Friday, February 7, 2020

Aug 20/21 2015 Stand Like Steel

Long, long day. It didn't start out well. First thing I saw as I rolled out of bed was dog barf in the bed. On my favorite quilt. Ugh. Gross. After I cleaned that up I went downstairs to make coffee. No creamer. And we are under a boil water notice, so no water for the coffee either. And a sink full of dirty dishes. And I just noticed that Katie's dog has torn up the carpet runner in the living room sometime last night. This really cheeses me. This would be the third rug he has chewed up. I can't afford to replace all these rugs. Not a good way to start the day.
It was cool outside for the first time in two months, so I decided the first thing I was going to do was take the dogs out and let them play in the yard for a while. Then work on making the coffee.
Alyssa comes down and tells me she is thirsty. I need to get that water boiling. She needs a drink and I need that coffee.
Eventually I make it outside for a quiet time with the Lord. Usually it doesn't take long for Him to calm my soul during these times, but today it takes longer and doesn't last long. The tears are just below the surface most of the day. It's Thursday, I tell him. He already knows. Tomorrow is Friday. He knows that, too. School starts on Monday. He is also aware of that.
I feel like a failure as a parent. I had planned to do so much for my daughter this summer. I had planned to take her places. We were going to see things. Maybe spend a few days at the beach in South Texas. We talked about renting an RV just the day before the Mr. lost his job. I had hoped perhaps, that employment would be resumed sooner rather than later, as I still wanted to take her some places, if I could. Just to get her out of the house. Had no idea we would be confined to the house for lack of money for the third year in a row.
So when it became apparent that we would not be going anywhere this summer, I consoled myself with the thought that maybe he would be working by the time school started. Surely it wouldn't take that long, this time, I thought, for a job to materialize. I told myself I would buy her lots of school clothes to start her Sr. year off right. We would get a haircut, and buy some new clothes. Get her some fancy school supplies.
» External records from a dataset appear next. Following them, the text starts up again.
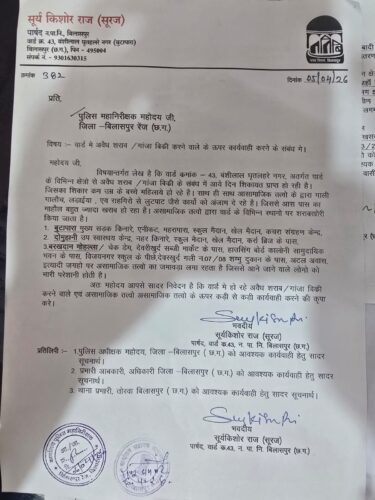 पार्षद सूर्यकिशोर राज ने मांग की है कि पुलिस प्रशासन इन चिन्हित क्षेत्रों में गश्त बढ़ाए और अवैध शराब-गांजा बेचने वालों पर कड़ी कार्यवाही करे। इस पत्र की प्रतिलिपि पुलिस अधीक्षक (SP) बिलासपुर, जिला आबकारी अधिकारी और तोरवा थाना प्रभारी को भी भेजी गई है ताकि संयुक्त रूप से कार्रवाई कर वार्ड को नशा मुक्त और सुरक्षित बनाया जा सके।
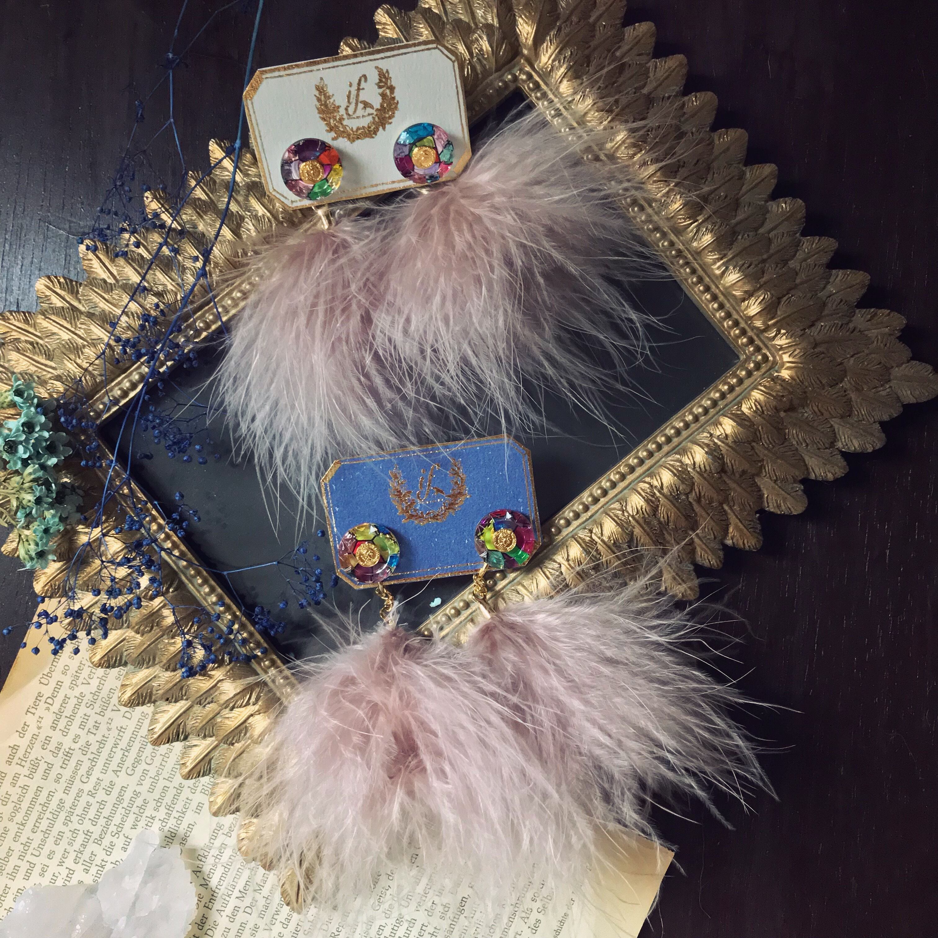 くすみピンクのファーが耳元でゆらゆら揺れる
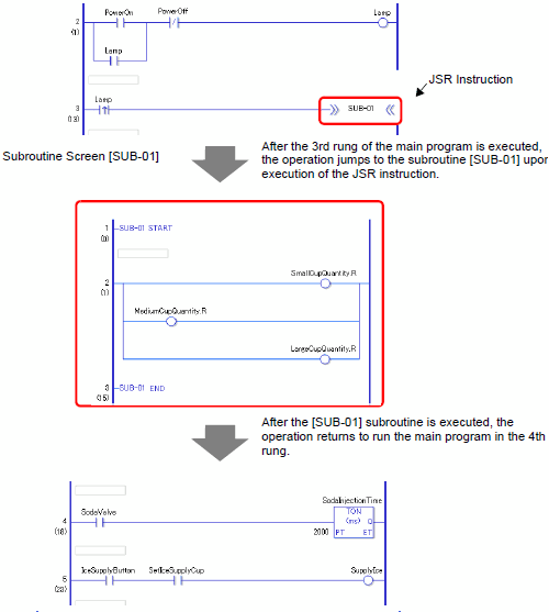 When the "Lamp" ON is detected, the operation jumps to the subroutine program [SUB-01]. After the subroutine program [SUB-01] is executed, the main logic program [MAIN] resumes on the fourth rung.
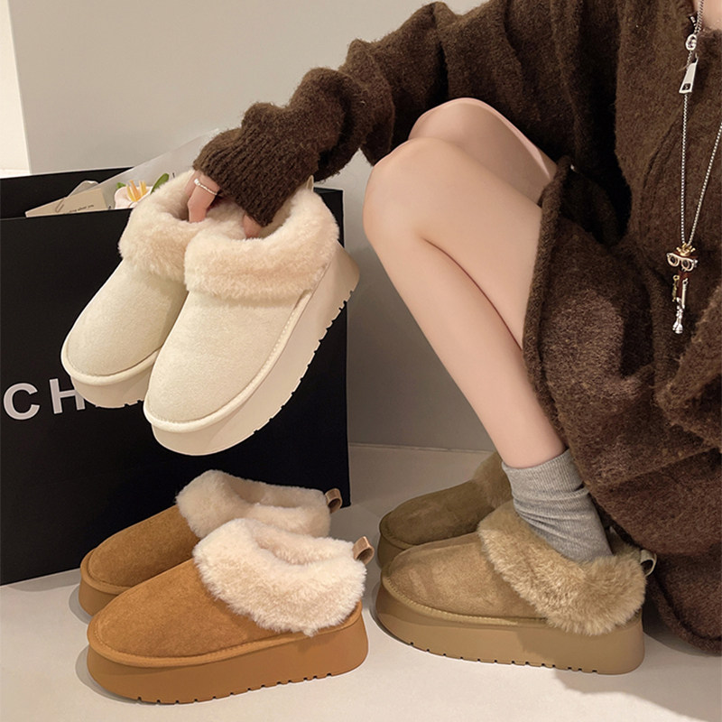 低帮厚底雪地靴女2025新款冬季懒人一脚蹬毛毛棉鞋加绒加厚女鞋子

Today is Thursday. Cloudy outside and in my heart, too. I wrapped myself up in a blanket on my bed and cried myself to sleep.
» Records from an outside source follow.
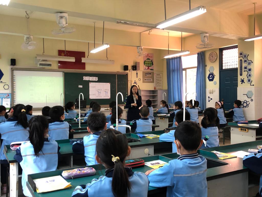 思明区教师进修学校叶虹副校长、观音山音乐学校郭艳煌副校长、区进修校江冰冰老师以及将乐教师进修学校的杨文梅老师走进了数学课堂,观评了6节数学常态课。叶老师听了一年级曹若南老师上的《九加几》,肯定了曹老师给足时间让学生动手操作,并在操作活动中培养言说表达的能力。她建议基于单元整体和学情进行结构化教学设计,在关注师生互动的同时融入五育教育,自然唤醒学生的行为和品德;叶老师、郭老师分别听了四年级高梦菲、赖加惠老师上的《商的变化规律》和六年级洪雅琳老师上的《用百分数解决问题》。郭老师认为执教老师都能进行整体建构,精准把握课时目标及重难点,对教材的分析较为透彻,同时也肯定了我们的六年级学生十分善于思考,在教师的不断追问和启发中明晰道理,真正经历知识和方法的建构过程。江老师听了二年级许怡萍老师上的《7的乘法口诀》和三年级骆玉琼老师上的《分数的初步认识》。江老师认为两位年轻老师的课堂互动感较好,在上课过程中语言亲切自然,贴近儿童。教师注重班级学生的常规教育,学生的操作活动扎实有效,数学素养高。专家们的点评让执教老师受益匪浅,也为数学组切实践行高效课堂、精准教学指明了方向。
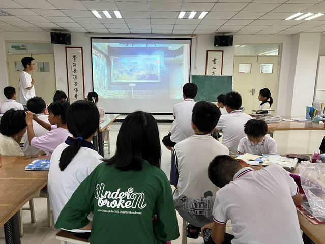 7月30日,是太阳成集团tyc122cc入口Red youth实践团成员们来到益海助学中心支教活动的第七天。实践团成员在课堂上为孩子们精彩地讲述了实践团成员们参观学习青岛革命烈士纪念馆的收获,并介绍了青岛市。
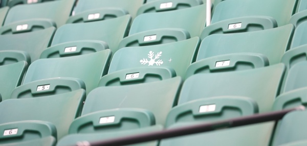 国安为因病去世的铁杆球迷杨雪保留专属座椅,并印上了雪花和星星。 新京报记者 王飞 摄

When I woke up I went back outside for another quiet time. Then cleaned up the dishes and the laundry. Sandwiched in between all that were pleas to the Lord for intervention and tears of disappointment in the way things seem to be working out.
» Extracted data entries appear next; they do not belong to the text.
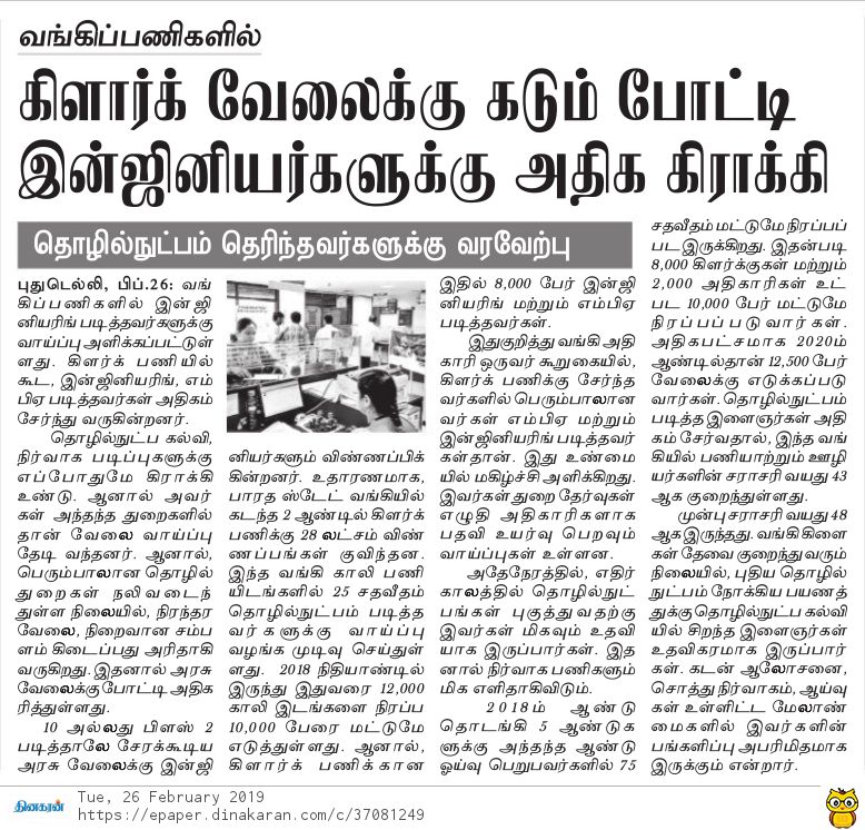 வங்கிப் பணிகளில் கிளார்க் வேலைக்கு கடும் போட்டி
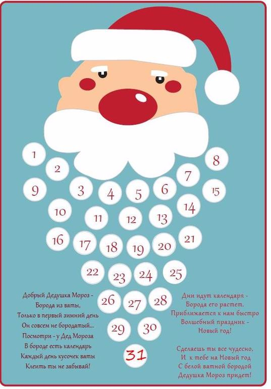 Самым маленьким можно предложить ежедневно приклеивать комочек ваты к бороде Деда Мороза
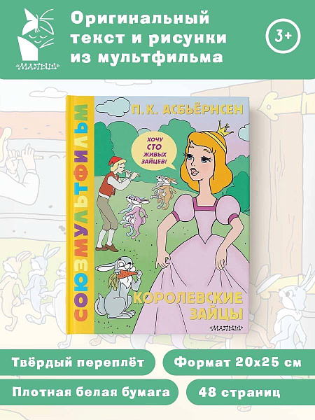 Золотая коллекция «Союзмультфильма» Впервые — легендарные мультфильмы в книгах! Это такие хитрые книги для всех тех, кто страстно любит смотреть мультики. Однако не всем детям разрешают сидеть перед телевизором с утра до вечера. Зато ни один родитель не запретит своему ребёнку читать. Тем более такие яркие, красивые, умные и добрые книги, написанные лучшими детскими писателями и нарисованные великолепными художниками-мультипликаторами. Читайте книгу П. К. Асбьёрнсена «Королевские зайцы» со знаменитыми иллюстрациями из мультфильма.

I had been hoping and praying for that phone to ring all day long. Please just let somebody call with a job.
So I went to bed about nine. As I lay down with my earbuds on I saw an old comedy skit on Youtube that I used to listen to as a kid. I clicked the link. Smiled at the old memories. Laughed at innuendos I missed as a child. I fell asleep with it on autoplay. As I lightly dozed, the comedy skit moved on to music. It was Randy Stonehill, one of my all time favorite singers. This wasn't my playlist, so it was an unexpected gift. I smiled as I dozed off and on, all the songs like old friends. I was comforted in a way I hadn't been earlier in the day. One particular song came on and as I listened, awake now at two Am, but still resting, the words struck a chord in the deep waters of my soul.
You've go to stand...stand like steel...and carry your cross through the fire, that's part of the deal...you got to stand...stand like steel. Nobody ever promised a garden of roses...nobody gets to Heaven without a fight...that's right...stand like steel. 
Now we all must fight our private battles...stand against this darkness that enslaves us from our birth..it takes more than guts to be strong enough...it's an act of faith in the power of love...and we dare not talk of freedom 'til we're free from our own curse!
Fully awake now, I felt my fire returning. Yeah! That's right! Nobody gets to Heaven without a fight. 
I'm gonna stand. Like Steel.
Even if today is Friday. Even if I don't get to do all the things for my girl that I want to. And who knows? That phone could ring this morning. If it doesn't I'm still gonna stand.